Google Expands AMP Project To Main Search Results
by Laurie Sullivan, Staff Writer @lauriesullivan, August 3, 2016
Google’s move Tuesday expands links to Accelerated Mobile Pages (AMP) beyond a carousel of articles at the top of the search results page to the entire search results page.
Initially, Google had displayed AMP pages in a carousel intended to highlight news articles, while encouraging sites to switch. Now Google counts more than 150 million AMP docs in its index, with more than 4 million new ones added every week.

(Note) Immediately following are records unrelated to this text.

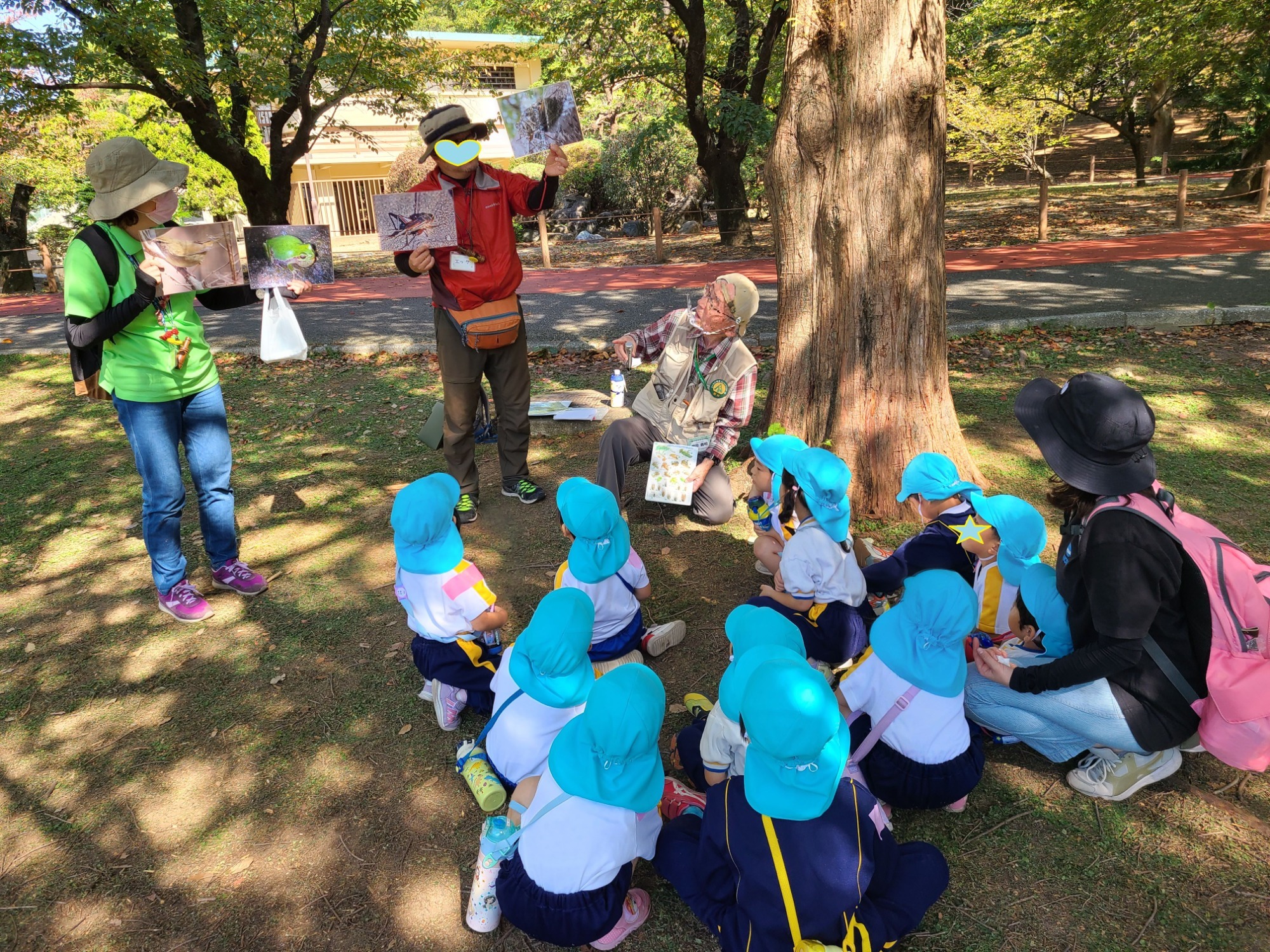 秋晴れ。すがすがしい気候になりました。3・4・5歳児さん。福岡市環境局による出前授業『自然となかよくなろう!』ネイチャーゲームを行いました。①自然の中に隠れる生き物探し(カモフラージュ)②自然の中の宝物探し(沢山の隠れた木の実や葉っぱ)③自然の音を感じようの3つのアクテビティを体験しました。インストラクターさんと一緒に観察すると気づかなかった木の実や葉っぱもたくさん。くしゃくしゃっと握ると香りがしてくる樟脳の葉っぱ、穴のあいた葉っぱを使って景色を見たり、聴診器で木の音を聞いたり。日ごろから遊び慣れている山王公園で新しい発見と自然を満喫した1日でした。8名のインストラクター、指導員の皆さんが、子ども達の質問や見たい!触りたい!やりたい!気持ちにじっくりと付き合ってくださいました。素敵な時間をありがとうございました。
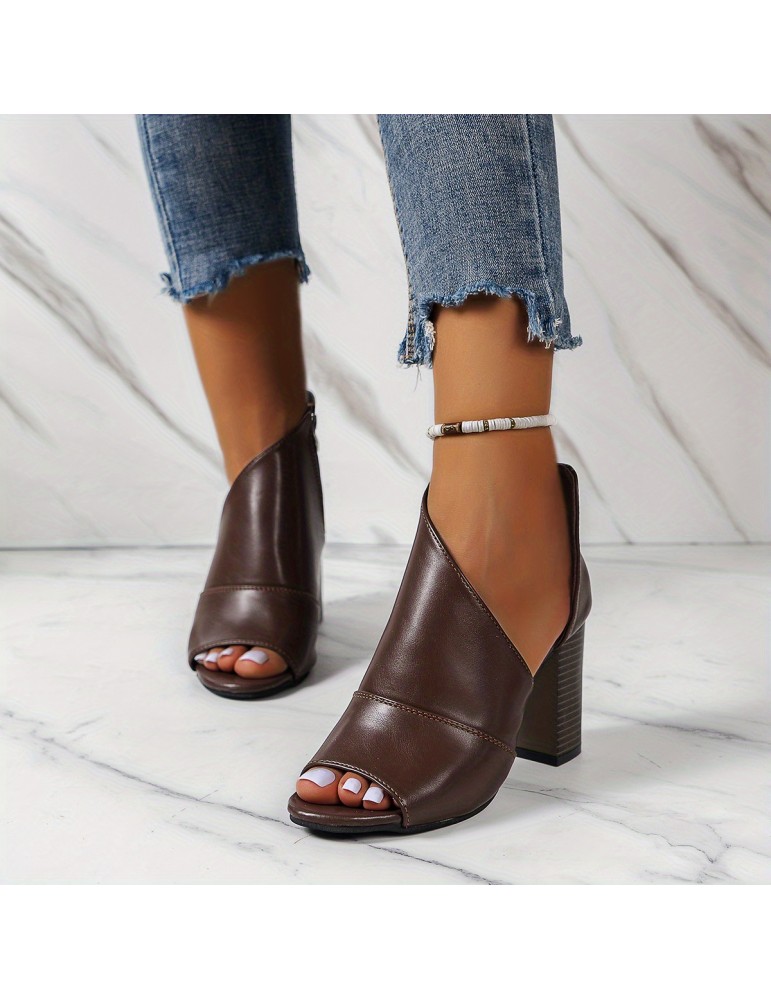 Women's Solid Color Block Heeled Sandals, Casual Open Toe Back Zipper Sandals, Comfortable Summer Heels Women's Solid Color Block Heeled Sandals, Casual Open Toe Back Zipper Sandals, Comfortable Summer Heels
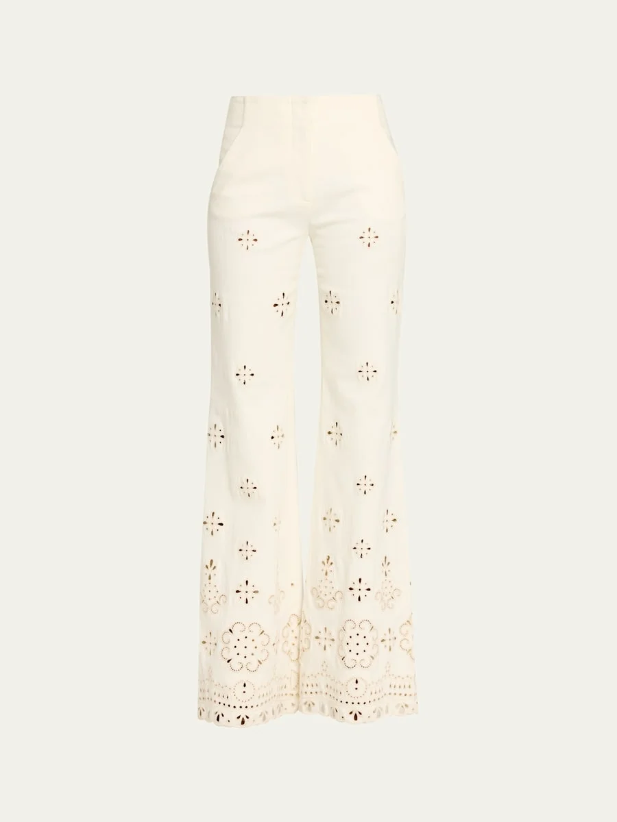 Veronica Beard's "Komi" pants are expertly tailored from stretch cotton twill with intricate custom eyelet detailing down each leg Approx. 10.4" rise; 30" inseam Highrise waistband Side slant pockets Back welt pockets Full length Flared legs Hidden hook/zip fly Cotton/elastane Lining: Polyester Imported SIZE amp; FITModel measurements: 5'10" tall Model is wearing a US size 4/Small

Having an AMP-enhanced Web site doesn’t improve search rankings, but it does improve the speed in which content loads. On average, AMP sites are four times faster than their mobile counterparts and use 10 times less data.
On average, AMP pages load in less than one second. Some 90% of publishers experience a higher click-through rate, and 80% of AMP publishers experience better ad viewability rates.
Since the majority of use has moved to mobile devices, Google, of course, hopes the shift will keep consumers searching the open Web where it serves paid-search advertisements as opposed to apps such as Bing Search or Facebook.
AMP competes with Facebook Instant Articles and Apple News, and now Google has expanded the project well beyond news into other categories such as query results and ecommerce, and ads.
U.S. retail sales should increase 2.6% in 2016, up from 1.4% growth in 2015, according to a recent eMarketer report. The analyst firm forecasts U.S. retail ecommerce sales will grow 15.7% in 2016, the highest annual increase since 2011. By 2018, ecommerce will surpass 10% of total retail sales in the U.S., per eMarketer.